Женщина не была уверена — на этот раз! — что ее расчет оправдается… Не получится, ну что ж… А получится — так одной нечистью на земле станет меньше. Ее невероятно раздражал этот сопляк и альфонс… именно раздражал — для ее ненависти он был слишком мелок и низок. Во всяком случае, не попробовать, не использовать этот шанс было бы в ее положении глупо. Слишком многотрудный и грандиозный план предстояло ей выполнить. Она даже не была уверена, хватит ли у нее сил… А тут все могло устроиться без особых хлопот и усилий с ее стороны, можно сказать, само собой…
Все началось с того, что, зайдя в ванную, она обнаружила на полке под зеркалом редкостной красоты и работы бриллиантовое кольцо. В том, что все было настоящим, не было никакого сомнения: вечерний камень, созданный природой отражать пламя свечей, даже в ванной переливался и слепил снопиками ярких лучистых огней. Женщина много слышала, что домработницы крадут, но она никогда не слышала, чтобы они приносили в дом своих хозяев подобные вещи.
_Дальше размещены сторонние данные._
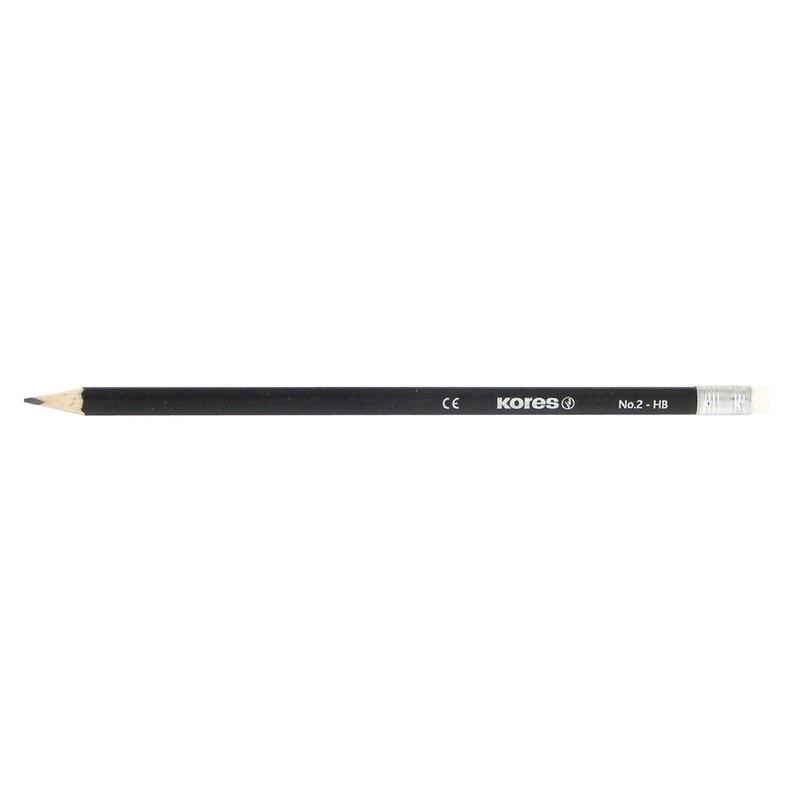 Карандаш чернографитный Kores в черном трехгранном деревянном корпусе. Простые карандаши с ластиком поставляются заточенными. Твердость грифеля — HB. Высококачественный и прочный, грифель не сломается даже при падении и ударе. Длина карандаша — 185 мм.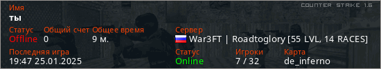 Последний раз был в сети 19:47 25.01.2025 Игрок с таким ником замечен на 21 сервере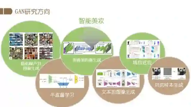 总而言之,GAN由最开始的随机噪声生成图片,逐渐在众多领域得到发展。有研究者使用GAN研究半监督学习问题,也有研究者进行图像到图像的生成探索,如给定轮廓图生成正常的图片,另外还有文本到图像的生成以及域自适应任务。域自适应任务旨在提升模型对跨域数据的泛化能力,如在一个数据集上训练好图像分析的模型,通过域适应的方法,在其他不同的数据集上仍然能够表现出较强的能力。此外还有人用GAN来做对抗样本的攻防,旨在解决生成模型的正确性和安全性的问题。
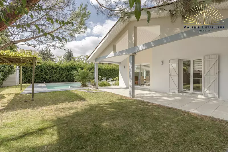 De retour dans le dégagement, une porte sur la gauche vous mènera à un grand garage, complété par une buanderie pratique. Laissez vous ensuite séduire par le jardin, où la grande terrasse s'étend devant la pièce de vie, entourée d'un espace verdoyant, mettant en valeur une piscine au design moderne, parfaite pour se rafraîchir pendant les chaudes journées d'été.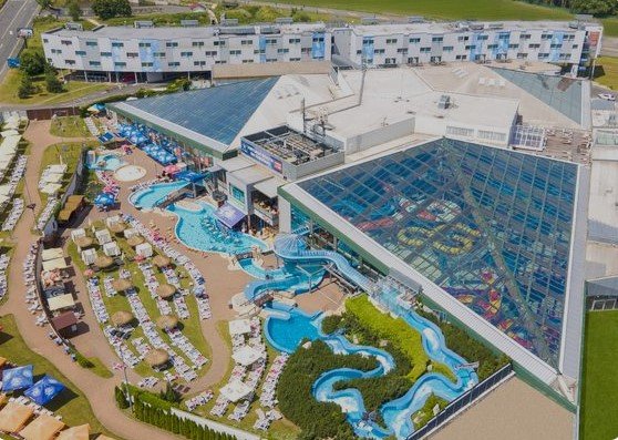 Najväčší wellness resort v strednej Európe na ploche 9000m2 zahŕňaVodný svets 3 palácmi a 12 tobogánmi, vírivkami, bazénmi, pomalou a vonkajšou divokou riekou. Vstup v cene ubytovania pozri Informácie.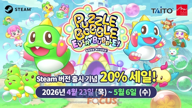 '퍼즐버블 에브리버블!'의 Steam 버전 출시를 기념해 23일부터 5월 6일까지 2주 동안 Steam에서 기간 한정 20% 특별 세일이 진행된다.

В доме, кроме нее и Марты, убиравшейся в комнатах, никого не было. Еще час назад бриллиантов в ванной не наблюдалось… Она вовсе не собиралась пугать Марту допросом, хотя наличие такой вещи у женщины, подобной ее домработнице, не могло не выглядеть подозрительным… Она даже не сказала ей о том, что видела кольцо. Просто обратила внимание на то, что после ухода домработницы кольцо из ванной тоже исчезло.
Она уже слишком хорошо изучила эту забитую женщину (собственно, и изучать-то там было нечего) и понимала, что вопросы с пристрастием только испугают ее и ничего, кроме слез, от домработницы тогда не добьешься… Просто Женщина стала поласковей разговаривать с Мартой, расспрашивала о семье, подарила кое-что из продуктов. Подобные женщины напоминали ей коров, больших, доверчивых и глупых: чем ласковее с ними обращаешься, тем больше от них молока, то есть пользы.
Семьи как таковой у Марты не было. У нее имелся только муж. Но муж совершенно удивительный.
Работящий и заботливый… Работа у него только была опасная — он мыл построенные из стекла многоэтажные здания, которых так много появилось последнее время в Москве… окна, в общем, мыл… и довольно часто приносил Марте разные безделушки-игрушки. Последние года полтора у него было много работы, очень много, и платить за нее стали очень хорошо, так, что Марта убирала квартиры скорее по привычке к постоянной тяжкой работе, чем по необходимости…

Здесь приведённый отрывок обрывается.